OK, so there is code out there to do this already, but the most commonly-cited Ruby solution requires the Linguistics gem, which is HUGE if you just want to display the number of comments on your blog or what-have-you. So I thought I'd have a go at it. It turned out not to be so hard, so I'm kind of
internationalising it: so far, I support UK English, US English, French, Esperanto, and Romanian (!). You can check out the
test cases (entirely readable by humans, I assure you) to see what it can do.

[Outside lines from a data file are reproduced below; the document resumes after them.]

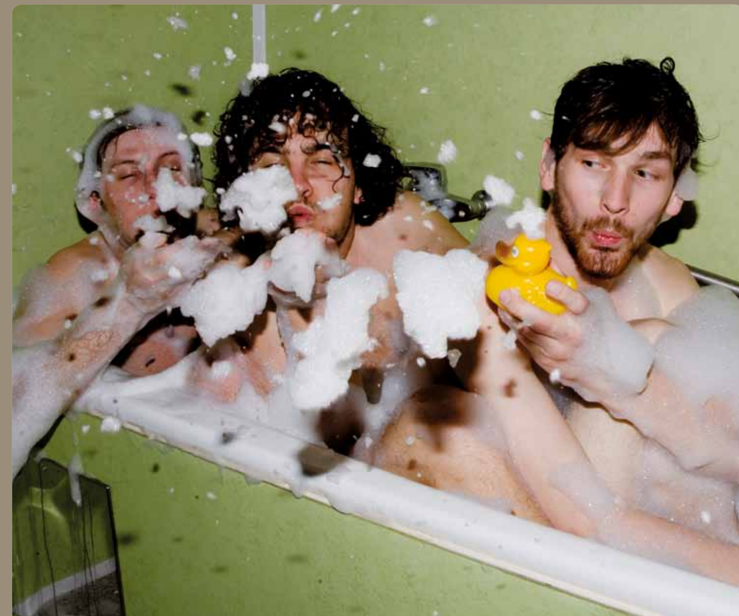
Mit einem Drittel Wasser den dreifachen Spaß erleben.
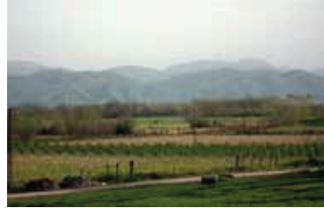
Fotoğraf 6. Canik Dağları'nın (a) Beyyenice Köyü Tepecik Mevkii ve (b) Sefalı Köyü'nden görünümü.
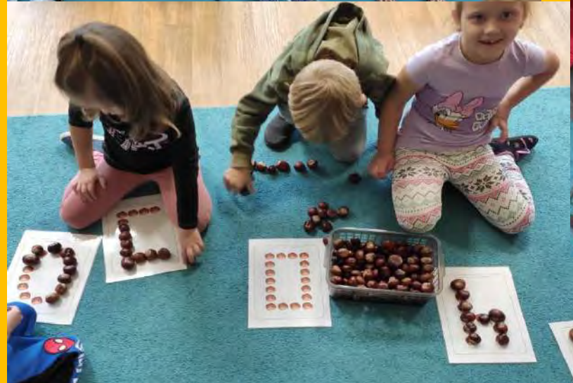
Utrwaliliśmy orientację przestrzenną i odwzorowywaliśmy różne wzory.

I have some unanswered questions, if anyone is so inclined:
- USAnglophones: Can you think of a rule that governs when you use "a hundred" versus "one hundred"? So far, I think I am assuming that, where a speaker of UK English would say "a hundred and twenty-five", you would say "one hundred twenty-five" (again, see the test cases), and only use "a" where the hundred (or the million) is by itself ("a million", not "one million"). But I could be way off-base.
- In general, I am short on information on pronouncing negative numbers ("minus five") or numbers too big for my calculations (I assume anything over a billion or so is too unwieldy to be required). I can't even do it confidently in French. Ideas? (Again, Americans: "minus five" or "negative five"?)
- Anyone else like to provide some rules?
It's really interesting seeing how succinctly one can represent a set of rules like this. The champion so far has (predictably) been Esperanto (four rules and fourteen base cases); maybe I'll add Klingon for comparison.